__What you will do__. When the line containing "(원투원뉴스) 서울시는 추석" is found in the data below, give it again along with every later line, exactly; drop the pictures.
START Source data
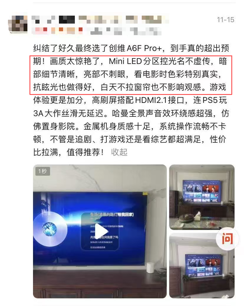 在创维6系产品积累的超万条用户评价中,画质表现成为最为集中的焦点。有用户直言其“它的画质锐利、性能超群,完全符合我对高端电视的所有期望”;另一位选择85英寸版本的用户则具体写道:“画质太惊艳了,Mini LED分区控光名不虚传,暗部细节清晰,亮部不刺眼,看电影时色彩特别真实,抗眩光也做得好,白天不拉窗帘也不影响观感。”这些真实反馈,共同勾勒出用户对卓越画质的定义:不仅是参数的堆砌,更是明暗、色彩与细节在真实场景中的综合呈现。
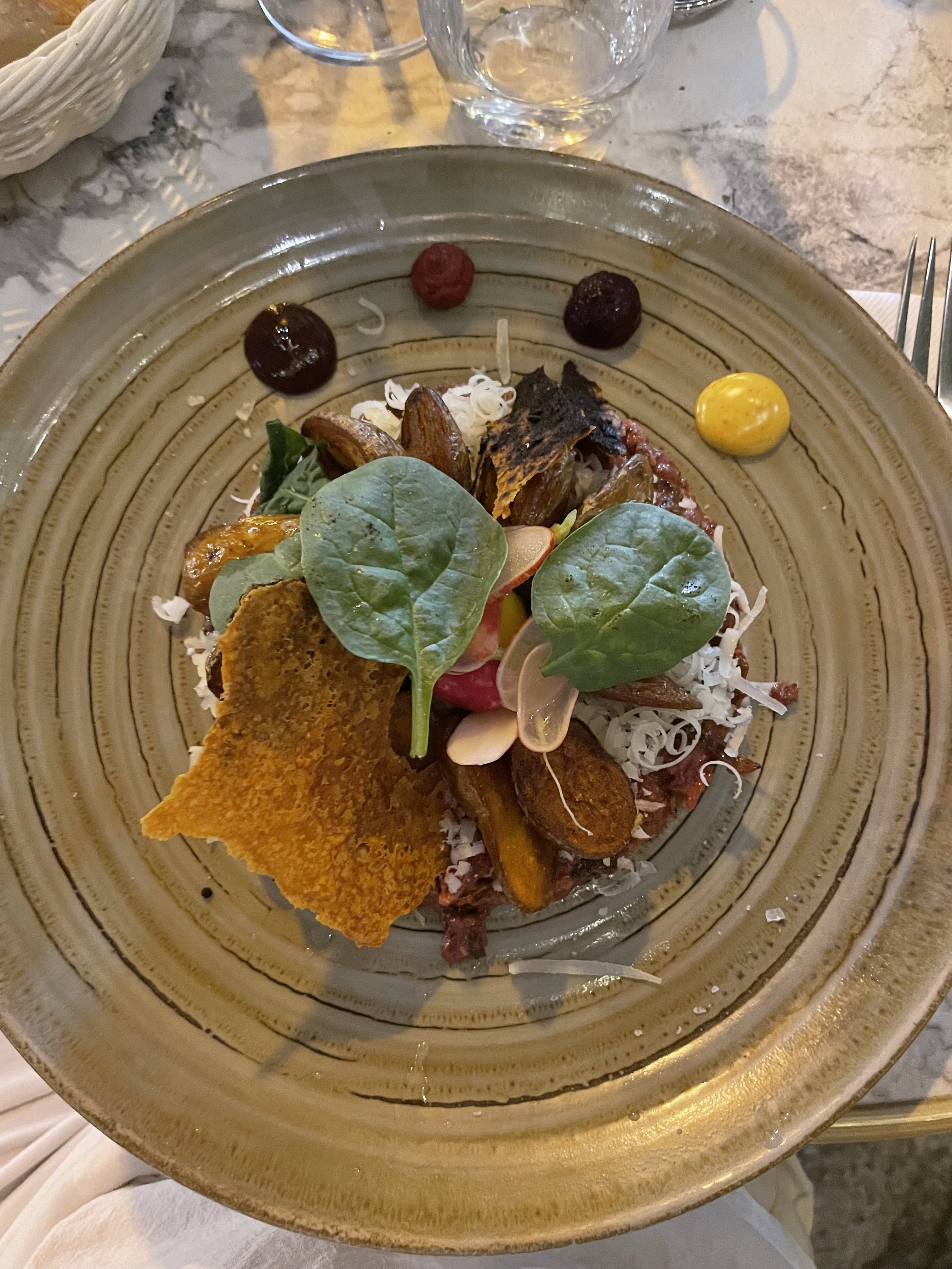 Tout était excellent de l’entrée au dessert. Le cadre est t’ait hyper sympa. Idéal pour un dîner romantique. Le risotto était plongé dans une sauce crémeuse a la truffe. C’était un vrai délice. Le dessert au citron était très frais et pas trop sucré. Une très belle découverte.
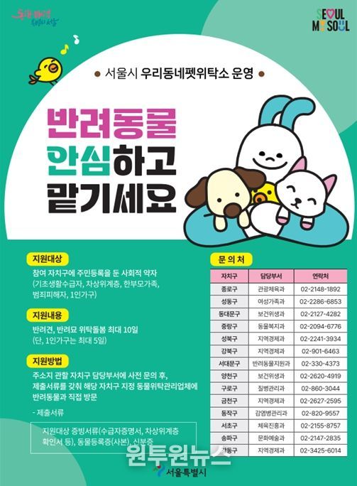 (원투원뉴스) 서울시는 추석 연휴를 맞아, 사회적 약자가 장기간 집을 비워야 할 때 반려동물을 안전하게 맡길 수 있는 ‘우리동네 펫위탁소’를 올해에도 14개 자치구 31개소에서 운영한다고 밝혔다. 기초생활수급자·차상위계층·한부모가족 등 취약계층은 최대 10일, 1인 가구는 최대 5일까지 무료 돌봄을 지원받을 수 있다.
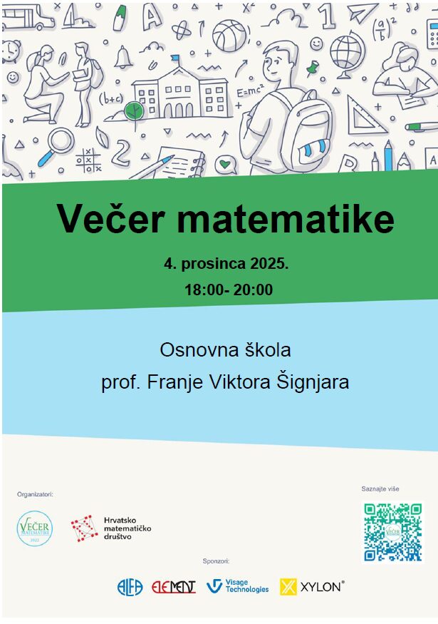 Pozivamo učenike, roditelje, bake i djedove na Večer matematike koja će se održati 4. prosinca 2025. u 18 sati.
END Source data
__Answer box__.
 (원투원뉴스) 서울시는 추석 연휴를 맞아, 사회적 약자가 장기간 집을 비워야 할 때 반려동물을 안전하게 맡길 수 있는 ‘우리동네 펫위탁소’를 올해에도 14개 자치구 31개소에서 운영한다고 밝혔다. 기초생활수급자·차상위계층·한부모가족 등 취약계층은 최대 10일, 1인 가구는 최대 5일까지 무료 돌봄을 지원받을 수 있다.
 Pozivamo učenike, roditelje, bake i djedove na Večer matematike koja će se održati 4. prosinca 2025. u 18 sati.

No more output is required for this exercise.